Debbonaire believes the ability for bill and select committees to take evidence virtually “broadens the scope” of the expertise available, while she suggests authorities could install voting card readers across different sites meaning MPs aren’t crammed into the division lobbies.

If Commons authorities are looking for a model on how to embrace the merits of a hybrid Parliament then they only have to walk across the hall. 

The House of Lords, rarely seen as a progressive, cutting-edge institution, has decided to retain certain aspects of its online model including virtual voting on the estate and allowing members with long-term disabilities to participate and vote remotely; select committees also have the option of meeting virtually. 

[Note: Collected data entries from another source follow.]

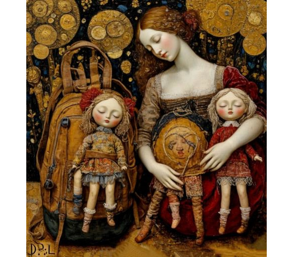 сжавшимися куклами, за немой драмой тряпок и дерева.
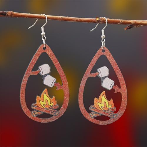 MALOYANVE Bonfire Earrings for Women Funny Wooden Lightweight Teardrop Fire Dangle Drop Campfire Earrings for Outdoor Lovers 1
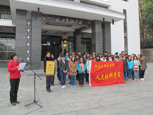 12月13日 ,我校人文社科学院与杨开慧烈士纪念馆共建红色爱国教育活动基地挂牌仪式在杨开慧烈士纪念馆前举行,杨开慧纪烈士念馆主任陈书及人文社科学院相关负责人、师生代表等参加仪式。仪式后,我校师生参观了杨开慧烈士陵园、杨开慧烈士纪念馆和杨开慧烈士故居,深入了解、缅怀了革命先烈杨开慧同志的英勇事迹。
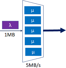 Para transmisión de datos se dispone de un multiplexor con capacidad de 5 MB/s que sirve a conexiones que llegan acorde a un proceso Poisson con tasa λ y ocupan 1Mb del ancho de banda del enlace con un tiempo de uso exponencialmente distribuido con parámetro µ.
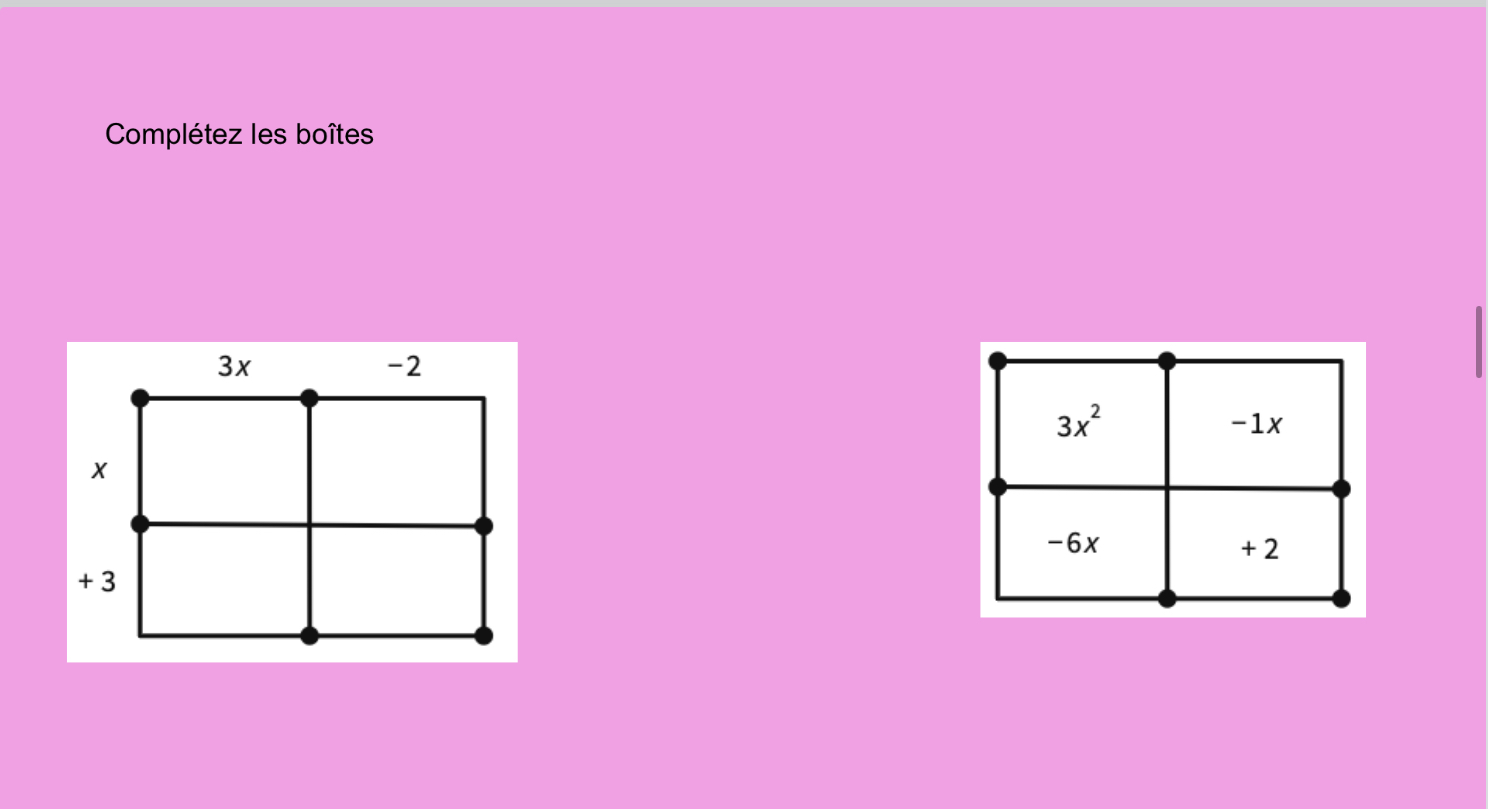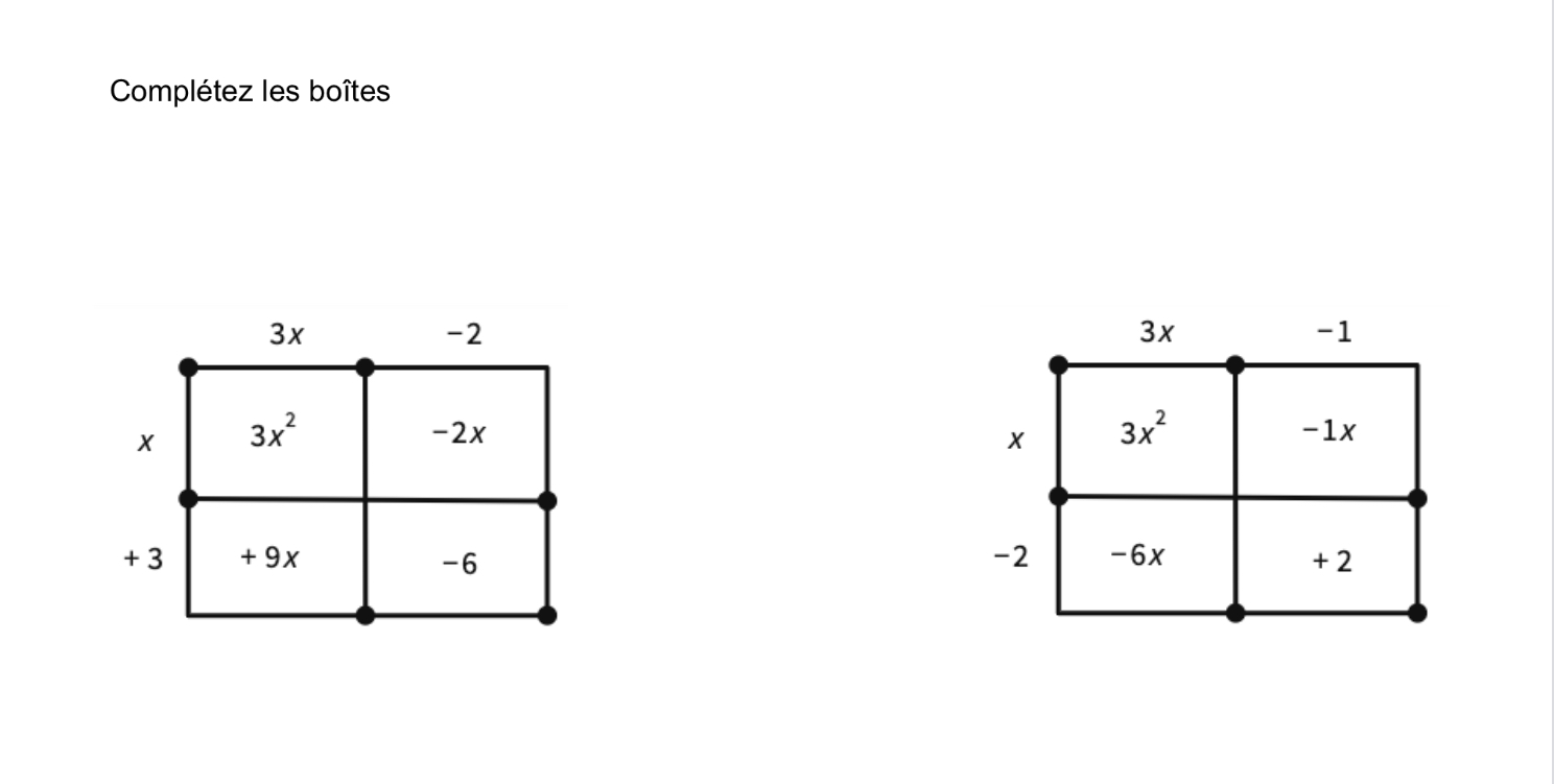 when we fill in the boxes we multiply. When we are looking for the dimensions on the outside of the box we need to common factor. For example, the bottom row has -6x and +2 we can common factor a -2 from both terms. We place the -2 on the outside of the box, and then can fill in the dimensions at the top of the box, 3x and -1, and then the other dimension missing on the vertical side would be x. The dimensions are in total (3x-1)(x-2). The solutions are below.
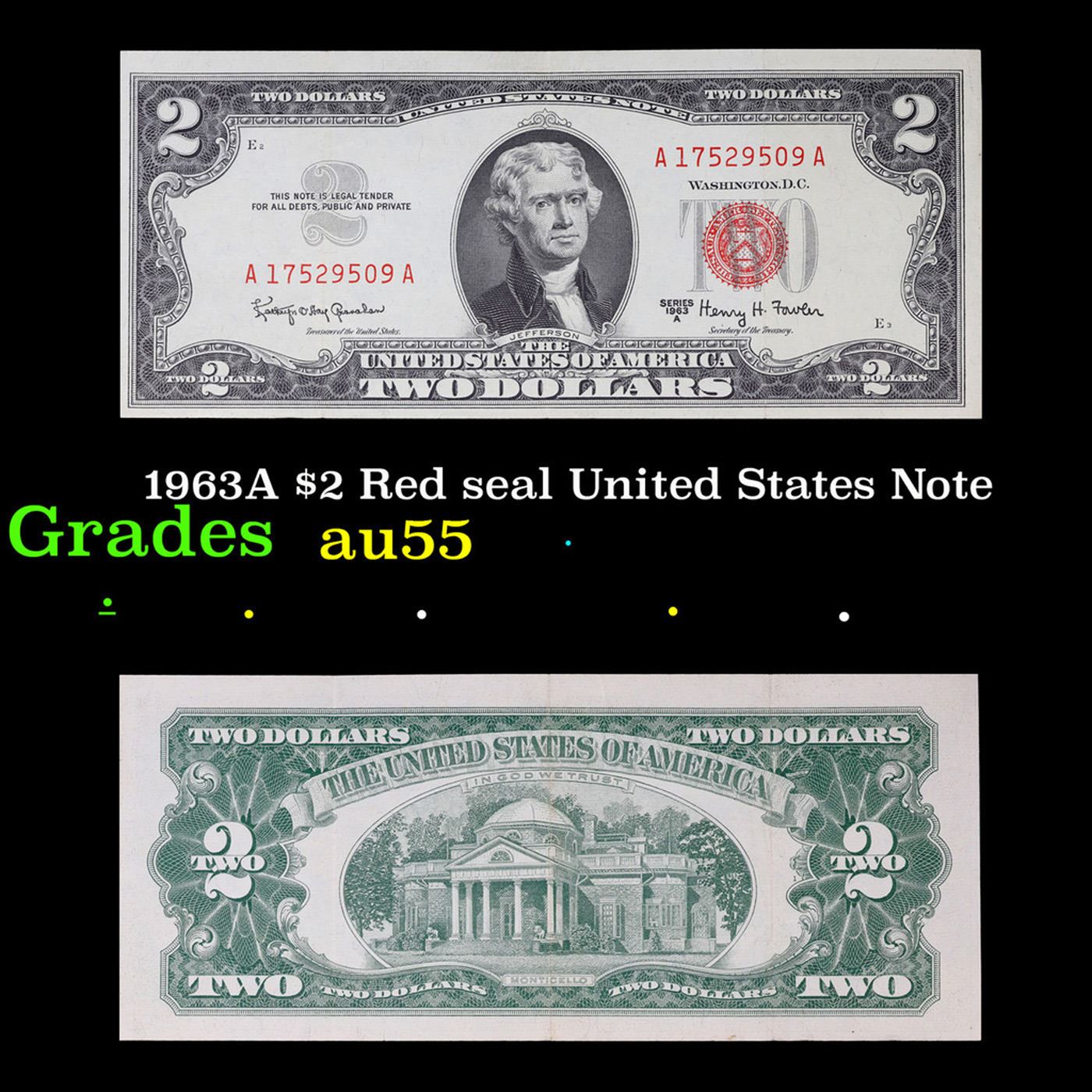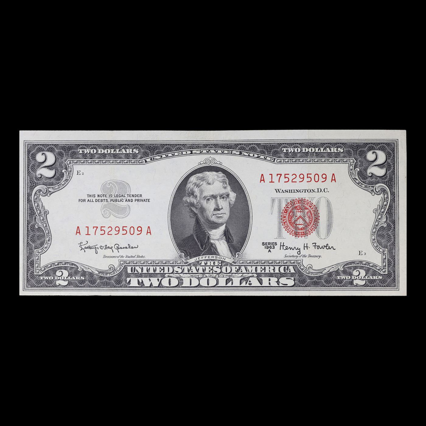1963A $2 Red seal United States Note Grades Choice AU. 1963 Legal Tender (United States Note). 1963 marks the last year that red seals were printed on two dollar bills. This is also the last year that Monticello was used on the back of two dollar bills. All two dollar bills from 1963 have a red seal on the right hand side of the bank note.

Statistics show the number of participants speaking in debates each day increased from an average of 68 in March 2019 to 97 in June 2021; voting figures are higher now than at any session for six years, and the Lords Constitution Committee praised the “benefits” remote proceedings had for those with health concerns or who lived away from Westminster. 

“It’s utterly bizarre a Chamber stuffed full of old relics is able to do this in a way that we can’t in the House of Commons,” says Wishart. While for Debbonaire, if the Lords can modernise, so can the Commons. 

“There’s an amazing opportunity to learn from all of this and say, ‘how can we do Parliament better?’ I don’t want us all just to chuck it all back and say ‘right, that’s it, we’re done’ and go back to the way we were which is very, very far from perfect.”